Axe 1. Système, normes, usages : rôle des corpus
Responsables : Martine Dalmas

Le fait langagier peut être abordé sous différents angles : en termes de structure fonctionnelle (système), par rapport à la/aux normes et/ou au regard des manifestations discursives (usages). Chacune de ces trois perspectives vient enrichir la compréhension du fonctionnement des langues et met au jour des phénomènes et particularités propres à l’une ou l’autre, à tel ou tel genre textuel, contexte d’usage, etc.
La constitution et mise à disposition de grands corpus, y compris celle de corpus parallèles et de corpus alignés, a largement contribué à réaffirmer, renouveler, et même révolutionner la discipline en bouleversant notamment l’appréhension des notions de système et de norme : ce que l’on considérait un peu vite comme « normal » s’est parfois révélé être « normatif » et ce que l’on pensait « marginal » est apparu comme « courant ». Ce recentrage du regard des linguistes sur l’usage à travers l’observation de productions authentiques a souligné le rôle de l’« évidence » et a induit un tournant dans la description des langues, qui s’est notamment répercuté sur la configuration des grammaires.

Qu’il s’agisse de corpus écrits ou oraux, de grands corpus académiques/nationaux ou de corpus constitués par les chercheur·e·s eux/elles-mêmes (pour des besoins spécifiques) et de moindre ampleur, les chercheur·e·s rattaché·e·s à l’axe 1 ont pour point commun de mettre cet « échantillon de langue », forcément incomplet et imparfait mais bien réel, au cœur de leur réflexion linguistique, que ce soit aux fins de mise à l’épreuve d’hypothèses préconçues (corpus d’illustration et de vérification) ou selon une méthode inductive (recherches corpus-driven).

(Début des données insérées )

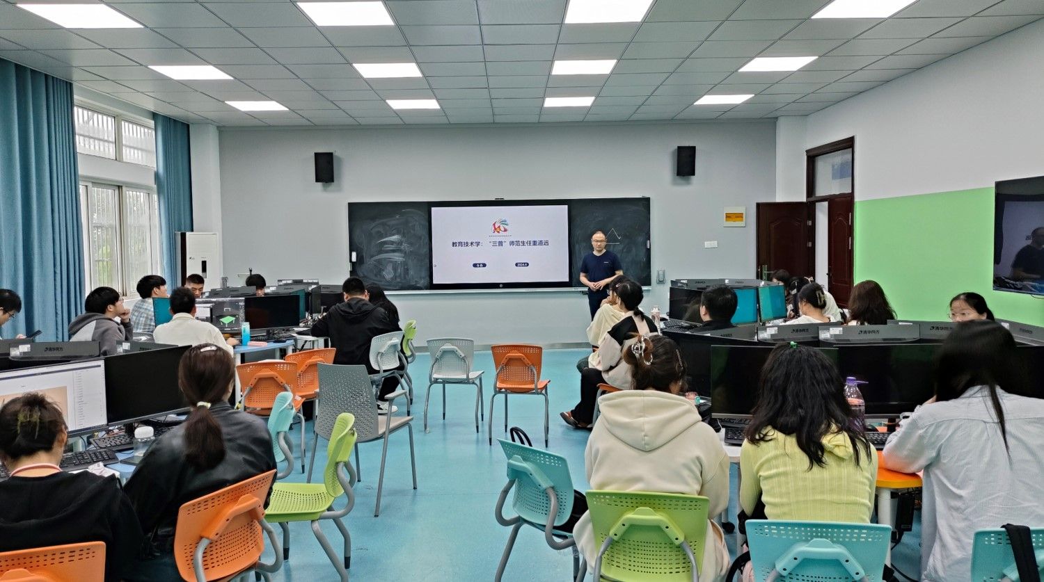 2024年4月17日、18日,教育技术学教研室党支部书记、教研室主任韦伟在D206教室给教育技术学专业2021级、2022级本科生作“教育技术学:‘三普’师范生任重道远”主题报告。
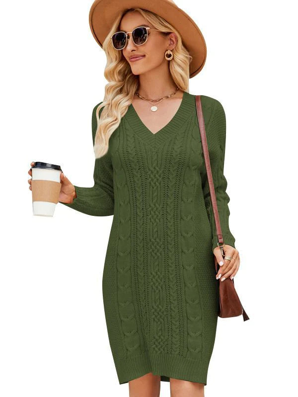 Insrs - FASHION SOLID COLOR V-NECK LONG SWEATER DRESS

L’accès à de grands corpus bénéficie de la création de liens privilégiés avec des universités ou institutions, tel l’Institut für Deutsche Sprache de Mannheim (Deutsches Referenzkorpus – DeReKo). Les recherches en lien avec l’axe 1 concernent différents aspects du discours : structure informationnelle, collocations et autres associations lexicales usuelles, étude des formes de réalisation de certaines fonctions (prédication, modalité, reprise pronominale, etc.). Toutes ont en ligne de mire la description des langues, en termes de système, norme(s) ou usages, au moyen d’une réflexion linguistique appuyée sur des productions réelles. Ces recherches, qualitatives et/ou quantitatives, s’inscrivent dans des domaines variés : sémantique lexicale (cooccurrences, figement/stabilité), syntaxe (linéarisation, anaphore), sociolinguistique, analyse du discours, didactique des langues, analyse conversationnelle. La problématique centrale de l’axe, soit la question du lien entre théorie et empirie, invite enfin aux réflexions méthodologiques et/ou épistémologiques.

Au-delà de l’analyse des usages, autant sur le plan morphosyntaxique que sur celui des pratiques discursives, la richesse des langues représentées au CeLiSo permet un questionnement permanent des notions de l’axe : convergences et divergences entre les systèmes et normes des langues germaniques, nordiques et slaves, langue à standardisation polycentrique (BCMS bosniaque-croate-monténégrin-serbe), etc.

Les types de discours sur lesquelles portent les recherches des membres de l’axe sont très divers : discours parlementaire, administratif, spectaculaire, journalistique, politique, etc. La variété permet de diversifier la recherche en contribuant à l’étude d’un aspect bien précis d’un discours donné, en explorant des discours moins étudiés et, plus globalement, en élargissant le nombre d’études menées sur corpus. Elle permet aussi de confronter entre eux les phénomènes particuliers à l’un ou l’autre discours. Des rencontres, permettant une transversalité inter-axes, sont organisées au sein du Club Corpus autour de problématiques techniques en lien avec les corpus (annotation, outils de gestion, logiciels,…) et la méthodologie scientifique.